» **Try it**: Write out the whole listing exactly; no images belong in it.

» **Data extract**:
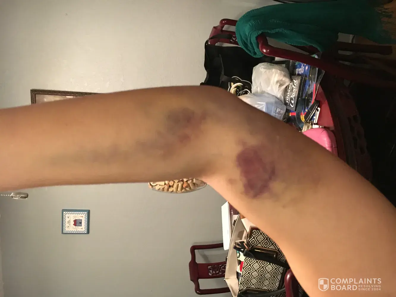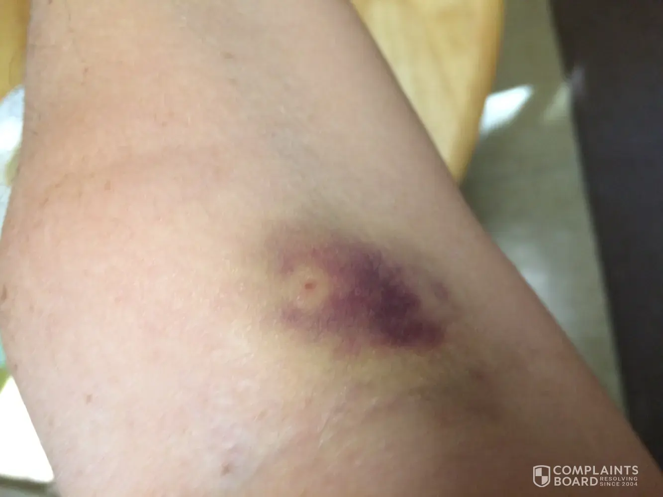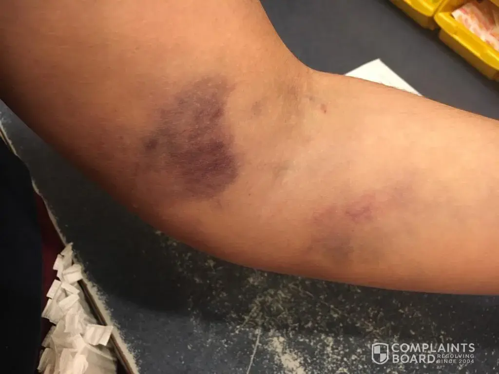 I gave blood at the Red Cross Donation Center on Prince Street in Rochester, NY last Thursday--a pint of AB+. I do not recall the name of the technician who inserted the needle in my arm. However, she had problems and I wish to complain regarding the damage to my inner elbow, left arm I suffered. It took the form of a deep angry bruise which, after 4 days, has not yet abated. It is still accompanied by a feeling of heat or pressure there.
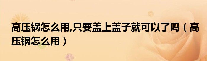 大家好,来宝来为大家解答以下问题,高压锅怎么用,只要盖上盖子就可以了吗,高压锅怎么用很多人还不知道,今天让我们一起来看看吧!
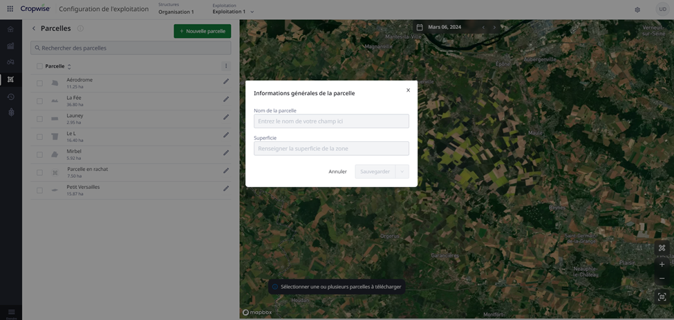 4. Insérer le nom et la surface : saisissez simplement le nom que vous souhaitez donner à votre parcelle et la surface, puis cliquez sur enregistrer.

» **Task answer**:
 I gave blood at the Red Cross Donation Center on Prince Street in Rochester, NY last Thursday--a pint of AB+. I do not recall the name of the technician who inserted the needle in my arm. However, she had problems and I wish to complain regarding the damage to my inner elbow, left arm I suffered. It took the form of a deep angry bruise which, after 4 days, has not yet abated. It is still accompanied by a feeling of heat or pressure there.
 大家好,来宝来为大家解答以下问题,高压锅怎么用,只要盖上盖子就可以了吗,高压锅怎么用很多人还不知道,今天让我们一起来看看吧!
 4. Insérer le nom et la surface : saisissez simplement le nom que vous souhaitez donner à votre parcelle et la surface, puis cliquez sur enregistrer.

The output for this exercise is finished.